Today marks 50 years since the assassination of President John F. Kennedy. Much like 9/11, many of those who were alive at that time remember the moment they learned of the tragic murder of the president. I was four years old, so I don’t remember the exact moment, but I’m going to guess that I was taking a nap when the news hit our house. I do remember my mother crying and I recall realizing that something bad had happened. Our television set hummed continuously for four days with live coverage of the assassination updates, the replays of the shooting of Lee Harvey Oswald (the first murder captured live on television) and then the funeral.
What is ingrained most vividly in my memory is the steady beating of the muffled drums of the funeral procession as the caisson carried the casket up the streets of Washington.
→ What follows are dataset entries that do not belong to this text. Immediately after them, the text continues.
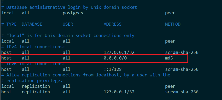 另外就是还需要修改端口的监听地址,默认监听 127.0.0.1 只允许本机访问,修改 /etc/postgresql/16/main/postgresql.conf 中的配置
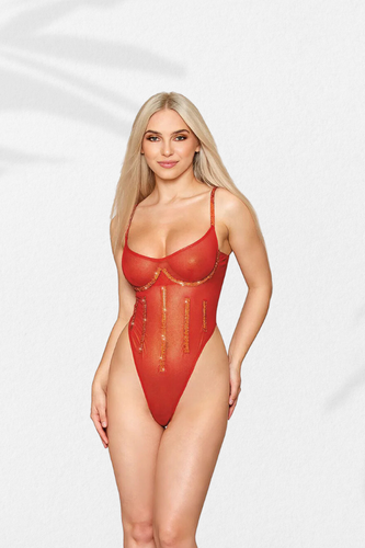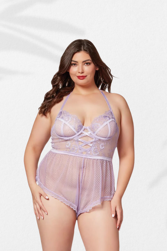 Sexy Mesh & Floral Embroidery Halter Neck Teddy – Sheer Nude Mesh with High Cut Leg & Thong Back
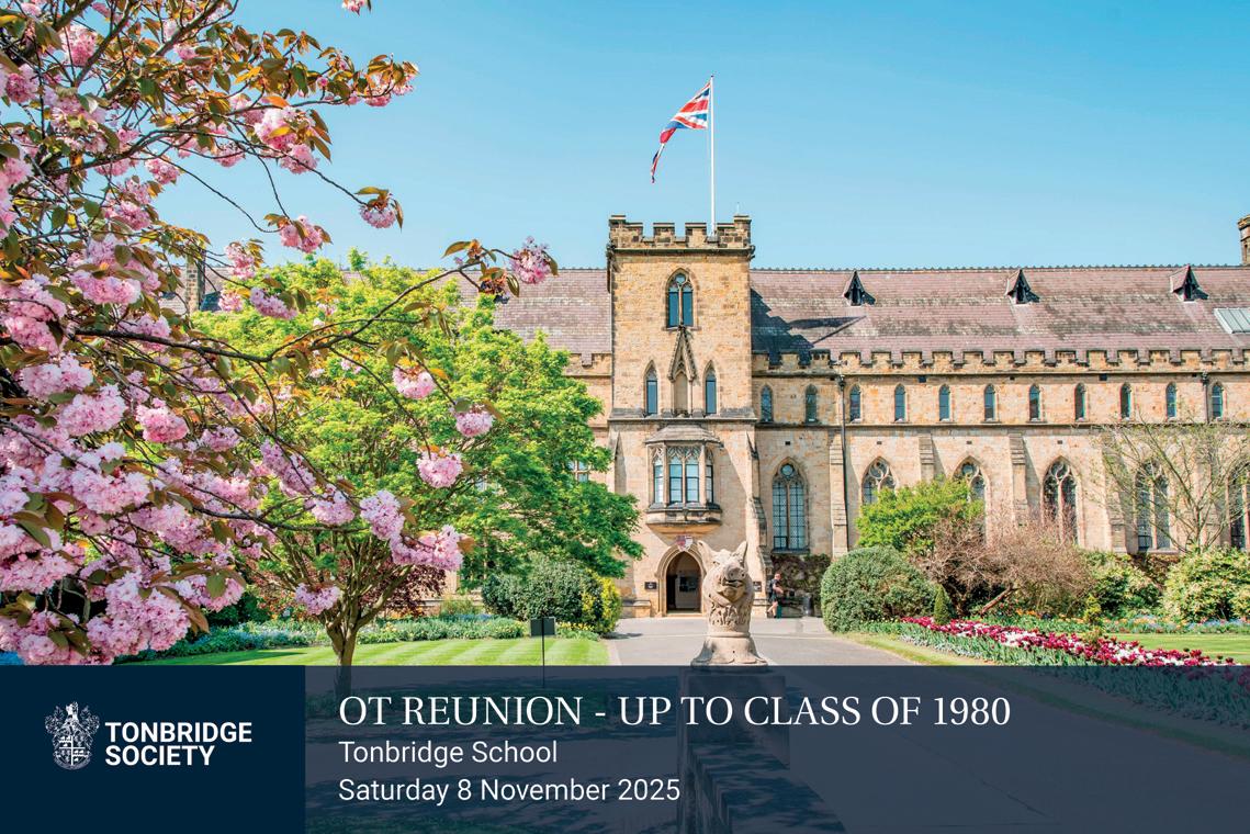 There are the usual pages of past and future events, News of OTs of all generations around the world, and a focus on Giving Day and the philanthropy which has helped Tonbridge since its foundation, and continues to be needed in these more politically unpredictable times. My thanks to all those who contribute to this OT Magazine 2025: and especially to Tara Biddle, our hard-working Alumni Relations Manager; to Ian Bradley, our new President; and to all those who sustain and support our School and Old Tonbridgian Society.

Mom and Dad adored JFK: he was charismatic, young and, most importantly, Catholic. My father, an aspiring author, had read (and I believe owned) a copy of JFK’s book, Profiles in Courage. Soon after the assassination, my heartbroken parents hung this framed photo in a prominent place in our living room and JFK became an icon to me; he seemed more of a legend than a president, one who was respected and revered by my parents.
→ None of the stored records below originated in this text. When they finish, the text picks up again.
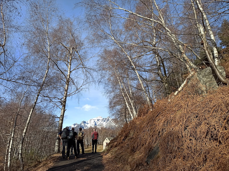 Abbassa l’età media dei cinque anziani la nostra fedele badante, unica rappresentante odierna dell’etnia verbanese. Gli altri lacustri prediligono la neve, anche quando non c’è. Il sentiero, a tratti molto ripido, scalda subito i muscoli intorpiditi dagli ozi natalizi e, in meno di mezz’ora, ci porta a Veglio, 540.
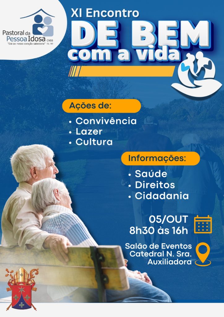 A Pastoral da Pessoa Idosa da Diocese de Eunápolis realizará, no próximo 5 de outubro, a 11ª edição do encontro “De Bem com a Vida”. O evento, que consolida-se como uma das principais iniciativas voltadas à terceira idade na região, ocorrerá no Salão de Eventos da Catedral N. Sra. Auxiliadora, das 8h30 às 16h.
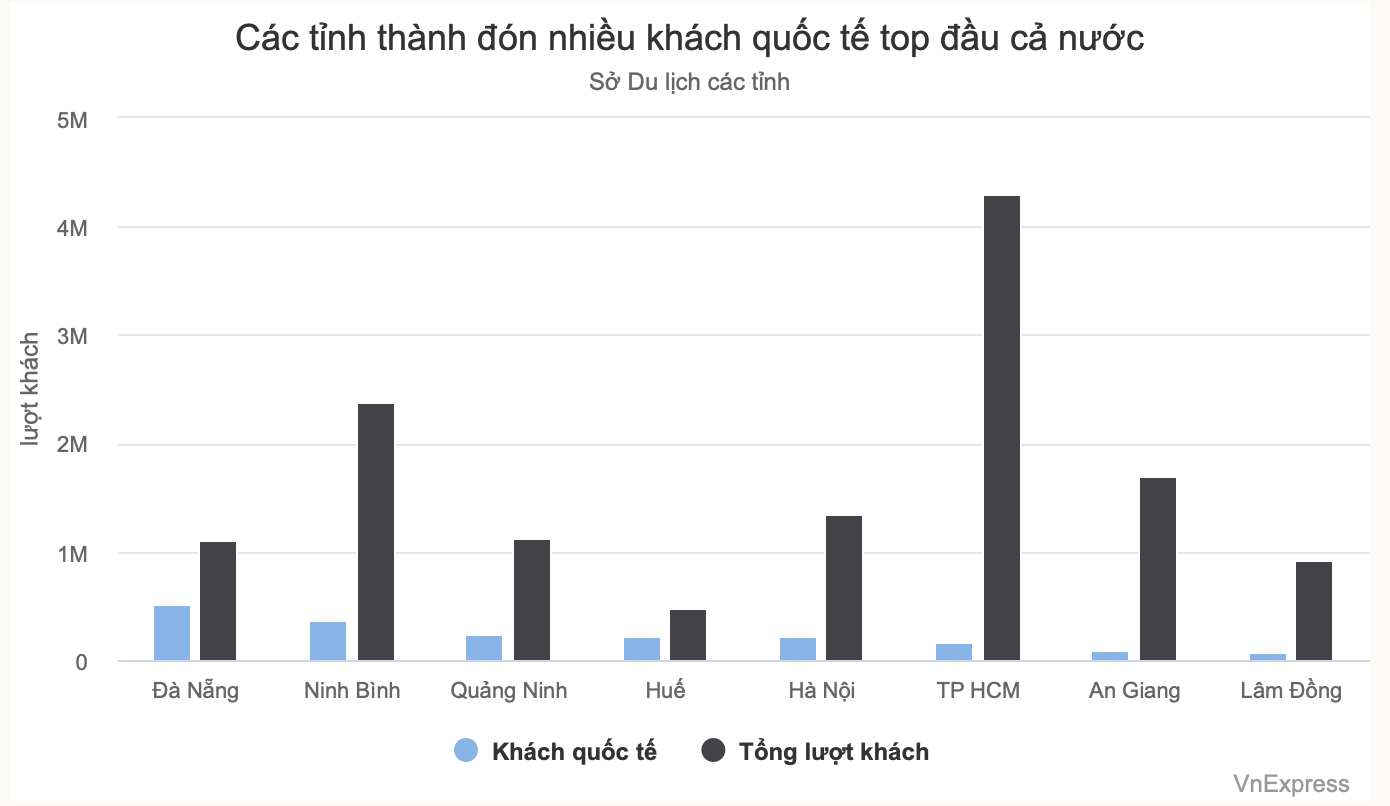 Tại Đà Nẵng, khách quốc tế đạt 510.000 lượt, chiếm gần 50% trong tổng 1,1 triệu lượt. Huế cũng chiếm tỷ lệ tương tự khi đón 240.000 lượt khách quốc tế trong tổng hơn 480.000 lượt. Các tỉnh thành khác cũng đón lượng khách quốc tế cao gồm TP HCM, Ninh Bình, Hà Nội.
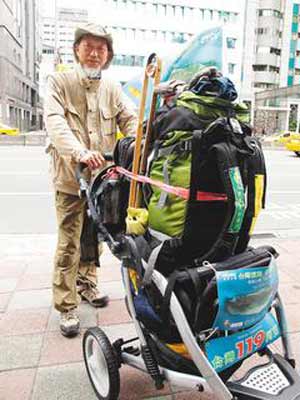 資料圖:“臺灣阿甘”林明德推著20公斤的行囊,一步一腳印巡回臺灣。
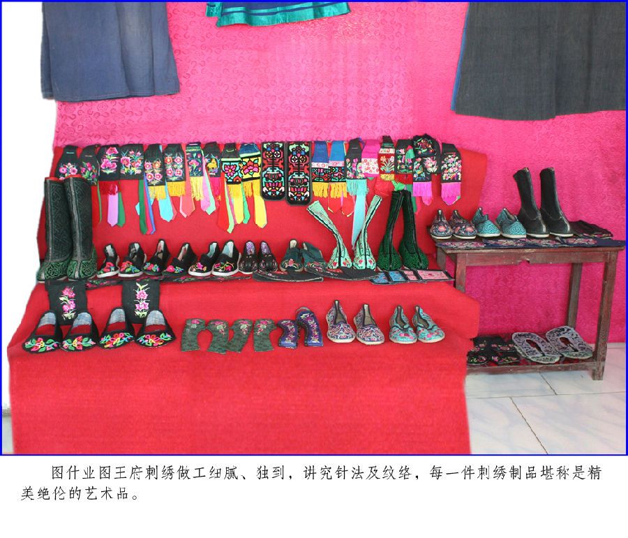 圖什業(yè)圖王府服飾包括:服裝、服飾、鞋帽及馬匹裝飾等。或質(zhì)樸、清新,或漂亮、華貴,或錯(cuò)落有致;既有山水,又有花鳥,形象逼真,惟妙惟肖,色彩協(xié)調(diào),圖案精美;其做工細(xì)膩獨(dú)到,講究針法及紋路,每一件服飾制品堪稱是精美別致的藝術(shù)品。
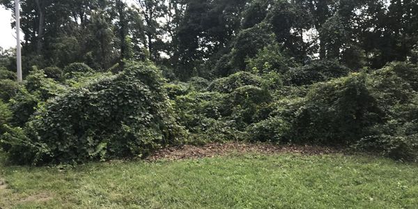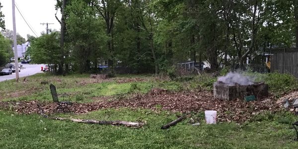 Yard full of brush, trash, barbs, trees, weeds, rock and building material
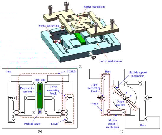 The proposed pure rotary actuator is shown in Figure 1a, which includes double-layer flexible mechanisms with a thread-connected base. The lower mechanism shown in Figure 1b displays a symmetrical layout. The piezoelectric ceramic is utilized as the actuator, one side of which is contacted with the input end and the other side is preloaded with a screw. A half column is designed on the input end to avoid the piezoelectric ceramic suffering a bending moment. A dual leaf parallelogram hinge (DLPH) is connected on two symmetric traditional Scott–Russell mechanisms to organize the enhanced double Scott–Russell mechanism (EDSRM), which has been demonstrated to possess excellent dynamic properties []. The EDSRM is utilized to amplify the input displacement and transfer the single translation to the symmetric and contrary translation. Afterwards, the displacements are secondly amplified via the lever type mechanism of the lower mechanism (LTMlow).

Since then, I’ve been fascinated with the conspiracy theories regarding his death. I do not think all the shots came from Oswald. I still wince when I see the Zapruder film, especially at the fatal shot (WARNING:GRAPHIC). I tense when I see footage of President and Mrs. Kennedy (dressed in the now famous pink suit) emerge from the plane at Love Field in Dallas and part of me wants to shout, “Don’t get in that limousine!”
50 years later, we know things my parents didn’t at that time. My mother, upon finding out about JFK’s illicit liaisons many years afterwards said, “I don’t care what he did behind closed doors. He was still a damned good president.”
His personal immoral behavior aside, no one deserves to die like that. And his death was rather a hard lesson for Americans. Like the attack on Pearl Harbor before it and 9/11 after it, November 22nd, 1963 be will forever etched in our minds as a stark reminder of our vulnerability and mortality.
While we may feel invulnerable; we aren’t. Someday we will die, perhaps suddenly like JFK, or after a long illness. Eventually, we will all have to face God and explain the choices we made in this life.
For John F. Kennedy, his life was tragically cut short by that final bullet that tore his brain apart. However, his legacy and his words live on.
50 years later, I pray for his soul: “Eternal rest grant unto him O Lord, and let perpetual light shine upon him. And may his soul and all the souls of the faithful departed, rest in peace. Amen.”